My musings were prompted by a story that Brooke Southall posted on RIAbiz.com on Dec. 11, Envestnet Increasingly Cuts Schwab Out of Its Software Mix, about a growing number of Envestnet|Tamarac users switching from Schwab’s PortfolioCenter to Tamarac’s portfolio accounting software Advisor View.
In that story, Southall not-so-subtly suggested that Envestnet (ENV) may have designs on becoming a custodian for RIAs itself, quoting Tim Welsh, president of Nexus Strategy, who said that Envestnet|Tamarac “looks a lot like a custodian to me. [They] bought Tamarac for a reason. Now I see Envestnet and all their mutual fund strategies. They control the home screen. Why else would you pay $54 million [for Tamarac] if you already have [Vantage] for RIAs? One day they’re going to rip the Band-Aid off and say: ‘we’re a custodian.’”

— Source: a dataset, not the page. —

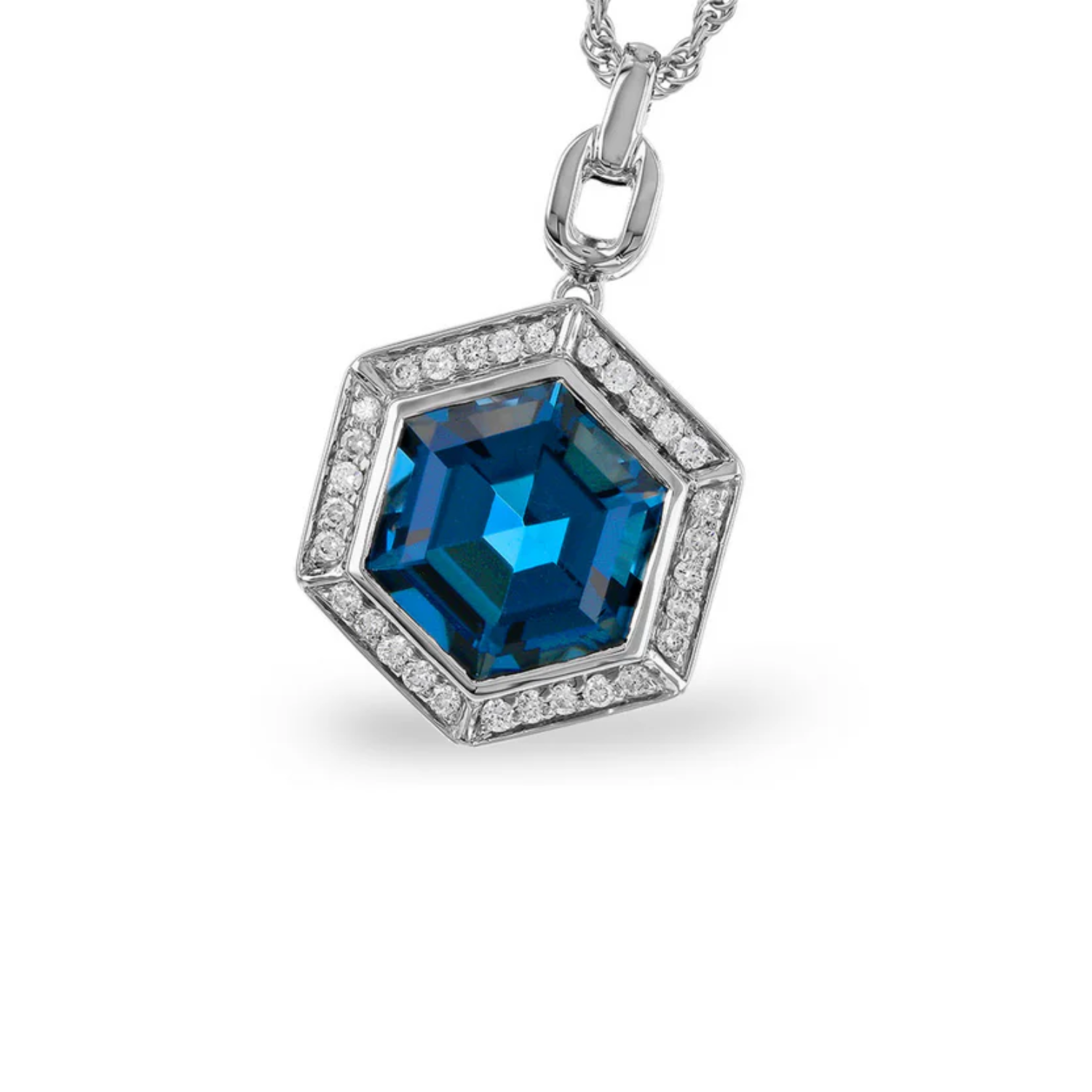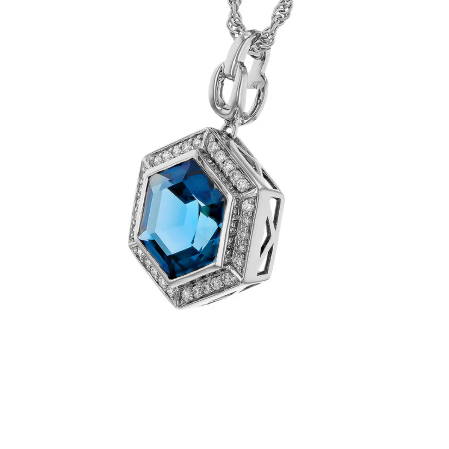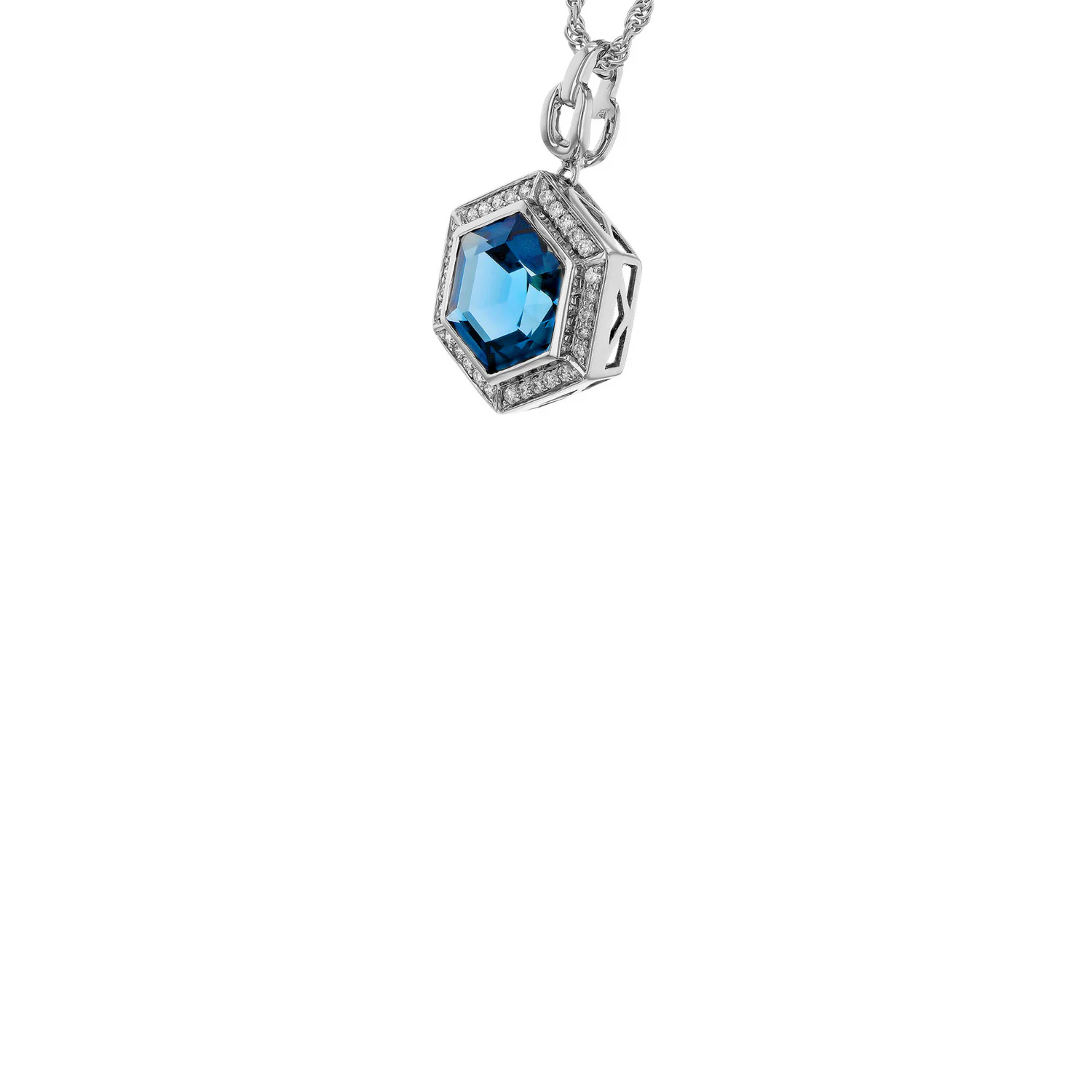 This 14K white gold pendant features a striking hexagon cut London blue topaz, set at the center of a geometric frame. A halo of round brilliant cut diamonds enhances the shape and adds extra brilliance to the design. The pendant is paired with an 18 inch 14K white gold chain secured by a lobster clasp, offering a bold yet refined look.Details

Southall’s story got me thinking about the role that broker-dealers—and later custodians—have played in the emergence of “independent” financial advice. Back in the early ‘80s, when I started covering financial planning, the vast majority of planners were registered reps who affiliated with “independent BDs.” They were “independent” in the sense that they owned their own firms, but still needed a BD for their securities licenses. Around 1985, when the Reagan bull stock market (which had started in 1982 and ended with the Dot.com crash of 2001) looked like it had legs, independent planners turned their full attention to allocating client portfolios into mutual funds.
But thanks to the growing no-load fund industry launched by Jack Bogle at Vanguard Group in 1974 (see my upcoming February column in Investment Advisor about Knut Rostad’s new book on Mr. Bogle: “The Man in the Arena”), independent advisors didn’t technically need a broker-dealer. Not coincidentally, Schwab Financial Advisor Services was launched in 1987, to service independent RIAs and their clients. The FAS program enabled advisors’ AUM fees to be deducted directly from client accounts—eliminating the “commission split” taken by BDs, and jump-starting the AUM-based independent RIA industry.
Here’s the reason for this ancient history lesson: Since that time, independent broker-dealers have been scrambling to find legitimate reasons that independent advisors should pay them a portion of their growing AUM fees. Only a few have succeeded, and we saw massive consolidation of the “indy BDs” into the few giant firms we see today: LPL, ING, AIG, Ameriprise and Raymond James—who can afford robust support programs for independent firms, and make up their falling revenue share with sheer volume. Meanwhile, the ranks of RIAs who work with custodians—Schwab, Fidelity, TD Ameritrade, and Pershing—has skyrocketed.